◆ **Data section**
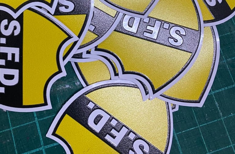 STICKERS SOBRE VINILO DORADO O PLATEADO
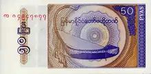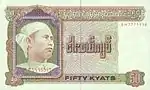 | ၅၀ ကျပ် | လိမ္မော်-အညို | ယွန်းထည် | ၂၇ မတ် ၁၉၉၄ | ||||
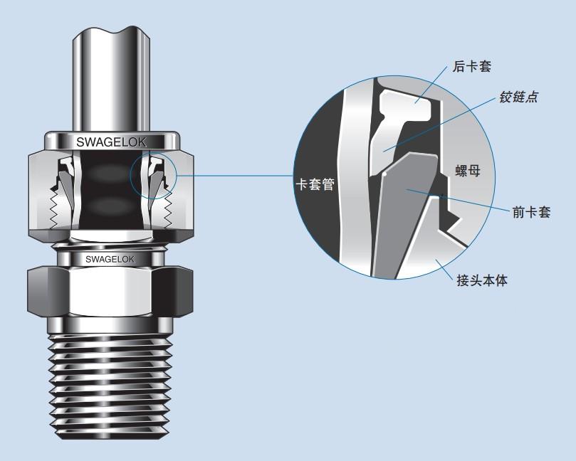 这是 1/4  至 1/  in.  和 6  至 1 mm 世伟洛克不锈钢卡套管接头的标准设计,其目的是帮助安装人员完成更加坚固的防泄漏卡套管连接。在这些尺寸中,一种获得专利的表面硬化工艺以及获得专利的凹槽和特定断面几何形状为世伟洛克后卡套提供了独一无二的工程学特点。具有铰链-夹箍作用的后卡套设计不仅进一步增强了传统卡套设计所具有的坚固性能,而且还提供了:

◆ **What is needed**
Transcribe every line from the one containing "မတ် ၁၉၉၄ | ||||" to the end of the listing, exactly and exclusively. Do not carry any picture over.

◆ **Output below**
 | ၅၀ ကျပ် | လိမ္မော်-အညို | ယွန်းထည် | ၂၇ မတ် ၁၉၉၄ | ||||
 这是 1/4  至 1/  in.  和 6  至 1 mm 世伟洛克不锈钢卡套管接头的标准设计,其目的是帮助安装人员完成更加坚固的防泄漏卡套管连接。在这些尺寸中,一种获得专利的表面硬化工艺以及获得专利的凹槽和特定断面几何形状为世伟洛克后卡套提供了独一无二的工程学特点。具有铰链-夹箍作用的后卡套设计不仅进一步增强了传统卡套设计所具有的坚固性能,而且还提供了:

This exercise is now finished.